• [About this task]: The task calls for the lines below from the line with "Megawatt-Charging-Systeme (MCS) für" to the line with "Sungsa imported from", both ends included, copied exactly, without any pictures.

• [Material for the task]:
= = =
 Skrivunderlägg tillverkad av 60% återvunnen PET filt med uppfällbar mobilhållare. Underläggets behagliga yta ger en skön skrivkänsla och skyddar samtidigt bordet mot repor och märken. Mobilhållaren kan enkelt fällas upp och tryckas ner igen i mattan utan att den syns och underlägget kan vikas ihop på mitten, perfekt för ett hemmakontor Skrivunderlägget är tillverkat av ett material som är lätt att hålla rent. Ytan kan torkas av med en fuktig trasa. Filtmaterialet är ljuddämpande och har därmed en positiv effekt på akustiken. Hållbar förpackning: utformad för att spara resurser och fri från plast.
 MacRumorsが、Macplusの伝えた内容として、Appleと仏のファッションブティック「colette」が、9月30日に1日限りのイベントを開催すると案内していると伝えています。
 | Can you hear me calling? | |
= = =
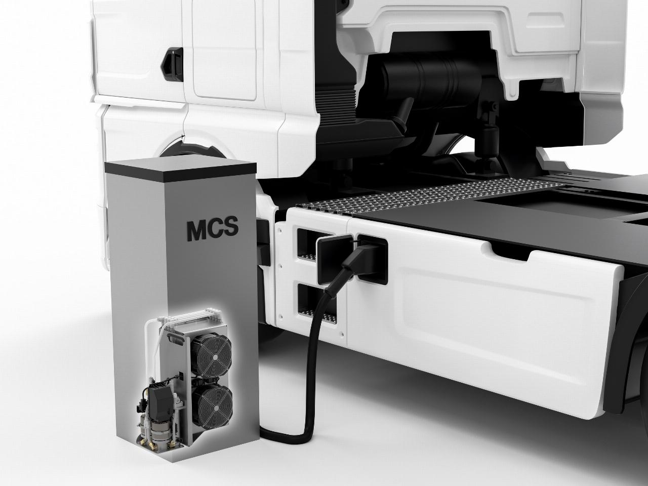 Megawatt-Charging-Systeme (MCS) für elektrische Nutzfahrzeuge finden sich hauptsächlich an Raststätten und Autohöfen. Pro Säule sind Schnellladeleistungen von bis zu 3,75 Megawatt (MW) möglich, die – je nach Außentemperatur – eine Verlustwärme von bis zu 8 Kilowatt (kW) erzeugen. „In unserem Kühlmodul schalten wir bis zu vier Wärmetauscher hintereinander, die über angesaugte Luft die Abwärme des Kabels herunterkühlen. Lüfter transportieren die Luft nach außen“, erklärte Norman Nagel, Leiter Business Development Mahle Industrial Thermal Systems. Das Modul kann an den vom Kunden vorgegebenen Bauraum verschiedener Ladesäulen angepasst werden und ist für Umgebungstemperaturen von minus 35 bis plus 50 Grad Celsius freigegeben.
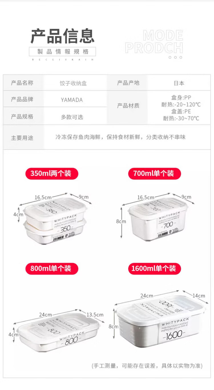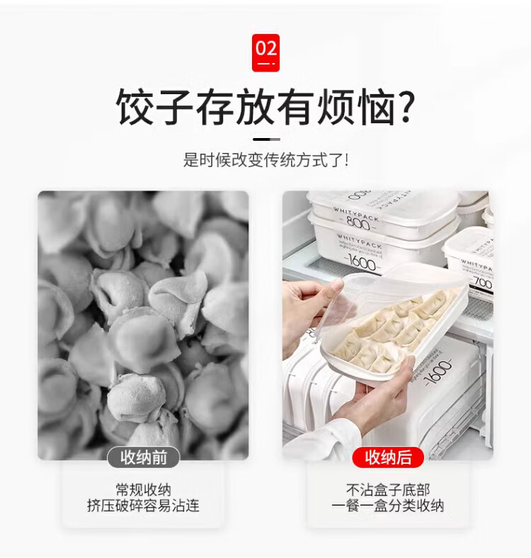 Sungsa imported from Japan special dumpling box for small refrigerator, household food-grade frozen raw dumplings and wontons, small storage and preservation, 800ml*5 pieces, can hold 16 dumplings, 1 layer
= = =
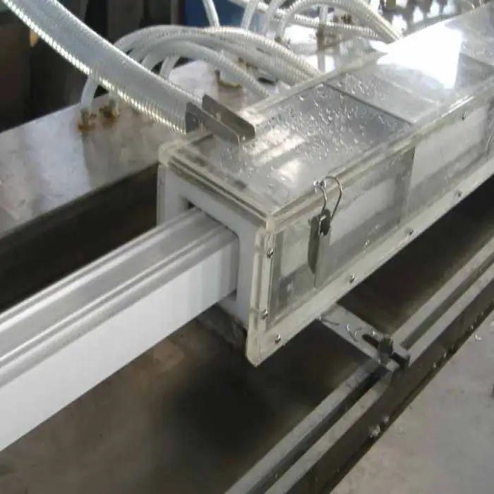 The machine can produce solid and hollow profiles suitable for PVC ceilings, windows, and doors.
= = =
• [Exercise answer]:
 Megawatt-Charging-Systeme (MCS) für elektrische Nutzfahrzeuge finden sich hauptsächlich an Raststätten und Autohöfen. Pro Säule sind Schnellladeleistungen von bis zu 3,75 Megawatt (MW) möglich, die – je nach Außentemperatur – eine Verlustwärme von bis zu 8 Kilowatt (kW) erzeugen. „In unserem Kühlmodul schalten wir bis zu vier Wärmetauscher hintereinander, die über angesaugte Luft die Abwärme des Kabels herunterkühlen. Lüfter transportieren die Luft nach außen“, erklärte Norman Nagel, Leiter Business Development Mahle Industrial Thermal Systems. Das Modul kann an den vom Kunden vorgegebenen Bauraum verschiedener Ladesäulen angepasst werden und ist für Umgebungstemperaturen von minus 35 bis plus 50 Grad Celsius freigegeben.
 Sungsa imported from Japan special dumpling box for small refrigerator, household food-grade frozen raw dumplings and wontons, small storage and preservation, 800ml*5 pieces, can hold 16 dumplings, 1 layer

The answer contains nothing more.